# Vorsicht vor ein-Cent Überweisungen



## webwatcher (28 Februar 2010)

http://www.spiegel.de/wirtschaft/service/0,1518,680691,00.html


			
				DER SPIEGEL schrieb:
			
		

> 27.02.2010
> Überweisungstrick > Ministerium warnt vor den 1-Cent-Betrügern
> 
> Der Trick ist dreist und einfach: Das Verbraucherschutzministerium warnt vor einer neuen Masche, mit der deutsche Bankkunden bestohlen werden. SPIEGEL-Informationen zufolge reicht den Betrügern ein Cent als Türöffner.
> ...


----------



## johinos (28 Februar 2010)

*AW: Vorsicht vor ein-Cent Überweisungen*

Jou, jetzt fällt sogar der Spiegel drauf rein:

heise online - 1-Cent-Überweisung wird zum Kettenbrief


> _Es gebe Betrüger, die versuchen, 1-Cent-Beträge auf viele Konten zu überweisen, um deren Existenz zu überprüfen und deren Besitzer später durch Abbuchungen zu schädigen.
> ...
> Eine weitere Nachfrage bei dem in der PDF-Datei genannten Verbandsmitarbeiter und Urheber des Schreibens ergab schließlich, dass ein Einzelfall den Anlass zu dem Schreiben geliefert hatte.
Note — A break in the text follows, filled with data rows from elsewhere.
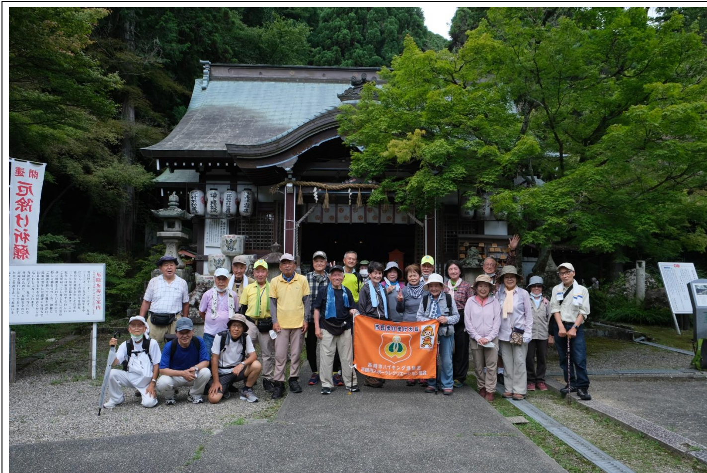
若山神社集合写真 10:29
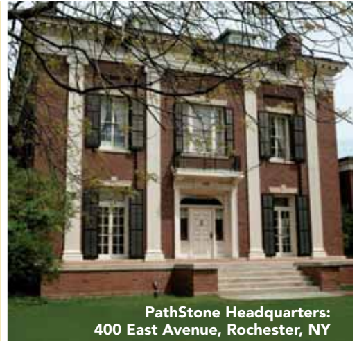
PathStone Headquarters: 400 East Avenue, Rochester, NY

Nathaniel General Contractors Building with Vision and Value 585.865.3020 www.nathanielgc.com
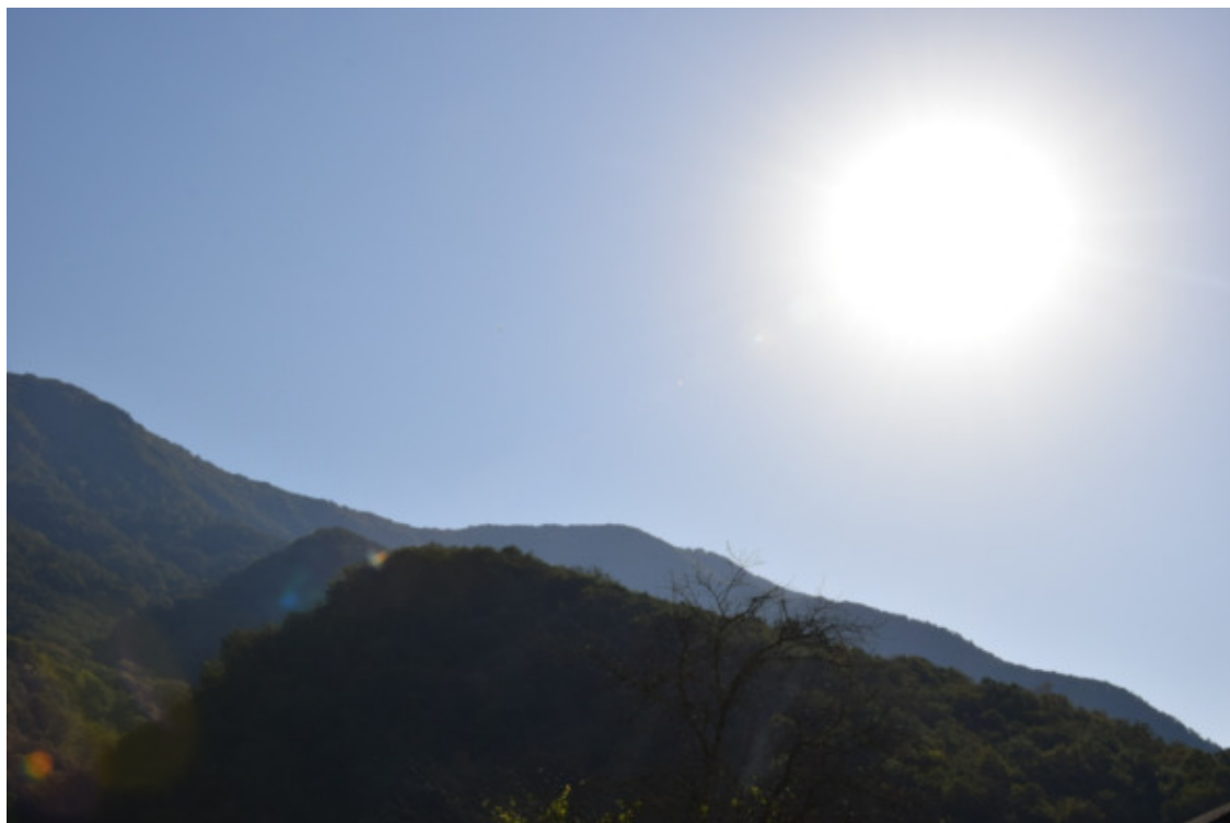
Кавказ. Сочи. Красная Поляна. 2020
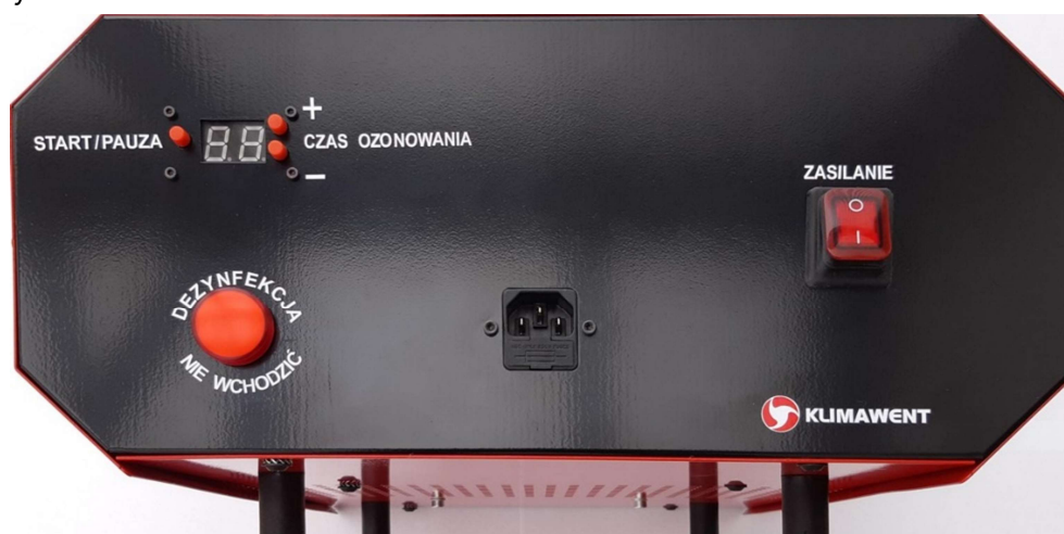
Rysunek 1 Panel sterujący

Panel sterowania jest wyposażony w gniazdo męskie wtykowe do podłączenia przewodu zasilającego z uziemieniem, włącznik podświetlany O / I , wyświetlacz z przyciskami kontroli czasu pracy oraz lampkę ostrzegawczą „ DEZYNFEKCJA – NIE WCHODZIĆ ”. Przed uruchomieniem sprawdź, czy przewód zasilający nie jest uszkodzony.
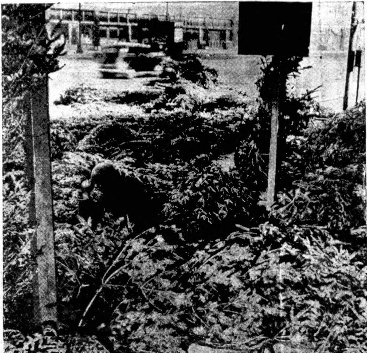
Po švenčių. Vienas Chicago pirklių krapšto pakaušį, kad neturi kur kalėdinių eglėlių dėti. Šiomet Chicagon tiek daug priversta, kad tūkstančiai liko neišparduotų.

Šis didysis Lietuvos Nepriklausomybės 20 m. sukaktuvių minėjimas bus sekmadienį, vasario 20 dieną, Ashland Auditorijoje. Šmt.
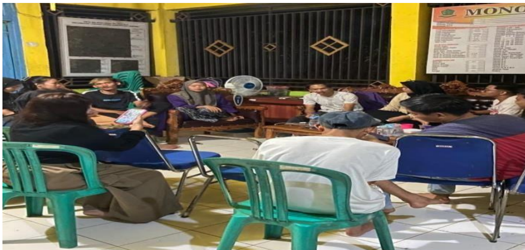
Gambar 1. Pembukaan
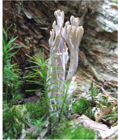
Abbildung 12: Runzeliger Keulenpilz ( Clavulina rugosa ).

Gleich der vorgenannten Art handelt es sich um einen häufigen Vertreter der Laub- und Nadelwälder. Im Gegensatz zur Kammförmigen Koralle sind die Spitzen weniger stark verzweigt (Abbildung 12).
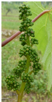
Stade de boutons floraux séparés
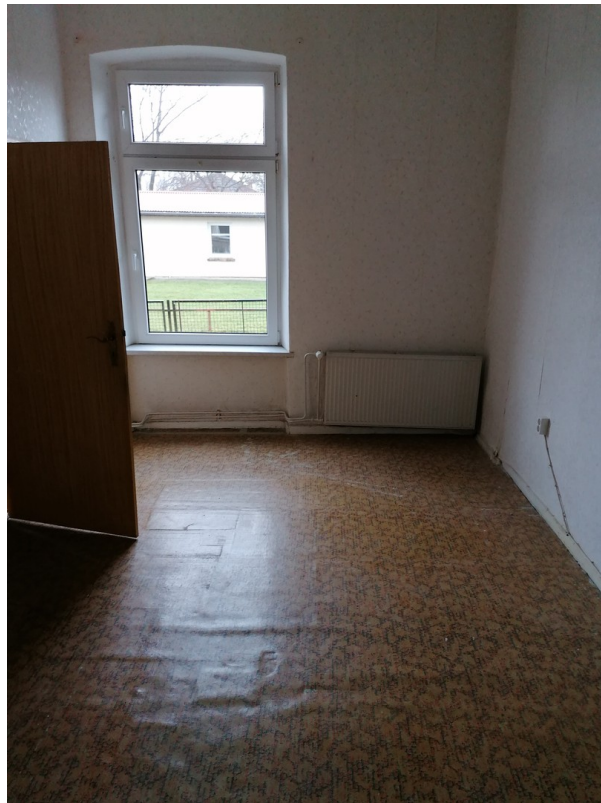
Zimmer 3,EG rechts, vor Renov.
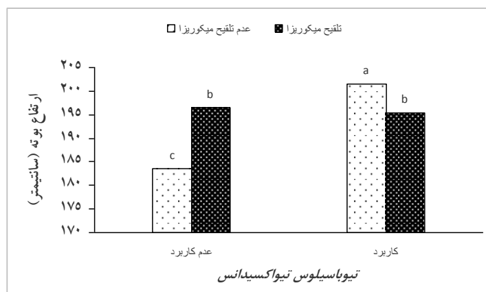
شکل ۲- تأثیر کاربرد همزمان قارچ میکوریزا و باکتری تیوباسیلوس تیواکسیدانس بر ارتفاع بوته ذرت.
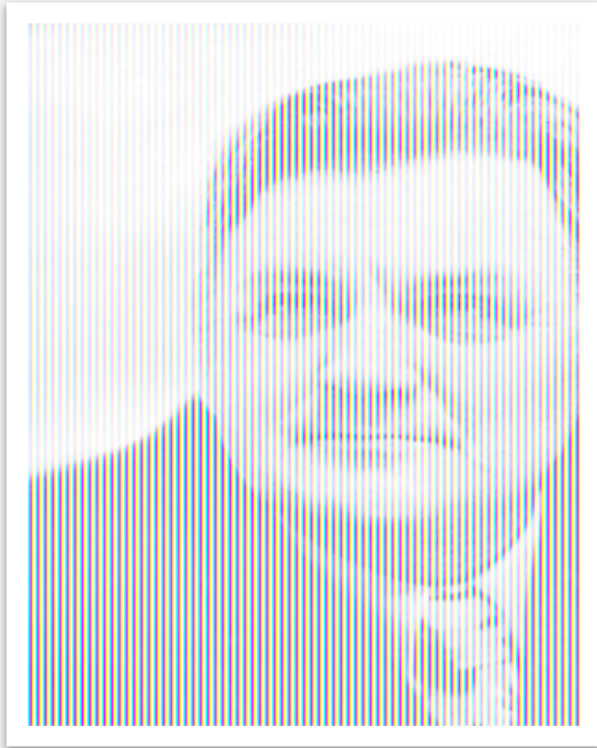
Борис Фёдорович Ломов (1927-1989)
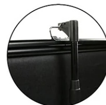
Telescoping support for variable height settings (x2 for 150" models)

Und zu der Bitte, die "Warnung ernst zu nehmen und auch an Freunde und Bekannte weiterzugeben".
> Laut Stefan Becker, Pressesprecher der Sparkasse Hannover, gab es bei seinem Institut in der letzten Zeit keine einzige verdächtige Mini-Überweisung. Bankverbindungen ließen sich ohnehin einfacher verifizieren als mit konkreten Überweisungen, etwa mit Banking-Software. Ein paar 1-Cent-Überweisungen lägen aber tatsächlich vor, doch diese dienten ganz offensichtlich dazu, auf so billige wie sichere Weise Mitteilungen zu versenden: im Feld für den Verwendungszweck. _


----------



## webwatcher (28 Februar 2010)

*AW: Vorsicht vor ein-Cent Überweisungen*



johinos schrieb:


> Jou, jetzt fällt sogar der Spiegel drauf rein:


Und das Ministerium?


> "Verbraucher sollten ihre Auszüge regelmäßig prüfen, auf unerklärliche Ein-Cent-Überweisungen achten und ihrer Bank unberechtigte Abbuchungen melden", rät Julia Klöckner, Parlamentarische Staatssekretärin im Verbraucherschutzministerium.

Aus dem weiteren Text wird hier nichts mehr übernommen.